**THE INPUT:**
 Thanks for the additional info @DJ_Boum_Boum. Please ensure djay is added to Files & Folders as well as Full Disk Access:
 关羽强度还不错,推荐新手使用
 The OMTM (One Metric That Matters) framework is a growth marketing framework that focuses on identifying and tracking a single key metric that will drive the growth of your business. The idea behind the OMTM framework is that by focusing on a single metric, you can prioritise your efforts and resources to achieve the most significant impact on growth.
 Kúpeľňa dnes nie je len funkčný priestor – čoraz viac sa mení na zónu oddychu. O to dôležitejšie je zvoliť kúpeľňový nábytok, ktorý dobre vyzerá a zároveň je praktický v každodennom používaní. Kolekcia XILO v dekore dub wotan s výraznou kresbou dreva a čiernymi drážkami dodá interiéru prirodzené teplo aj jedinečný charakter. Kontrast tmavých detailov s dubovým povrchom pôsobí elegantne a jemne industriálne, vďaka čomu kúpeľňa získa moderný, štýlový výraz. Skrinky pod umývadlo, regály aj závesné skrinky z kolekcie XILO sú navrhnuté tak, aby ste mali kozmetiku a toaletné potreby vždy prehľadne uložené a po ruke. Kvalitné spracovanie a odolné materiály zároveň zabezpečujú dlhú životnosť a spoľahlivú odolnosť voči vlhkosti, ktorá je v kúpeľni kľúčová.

--

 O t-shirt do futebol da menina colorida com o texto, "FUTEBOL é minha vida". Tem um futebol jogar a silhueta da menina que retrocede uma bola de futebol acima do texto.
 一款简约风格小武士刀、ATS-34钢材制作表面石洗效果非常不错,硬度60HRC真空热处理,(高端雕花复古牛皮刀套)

**WORK TO BE COMPLETED:**
Could you reproduce, exactly, every line above from the line with "Thanks for the" to the line with "关羽强度还不错,推荐新手使用", and no other line? Both ends count.

**WRITTEN ANSWER:**
 Thanks for the additional info @DJ_Boum_Boum. Please ensure djay is added to Files & Folders as well as Full Disk Access:
 关羽强度还不错,推荐新手使用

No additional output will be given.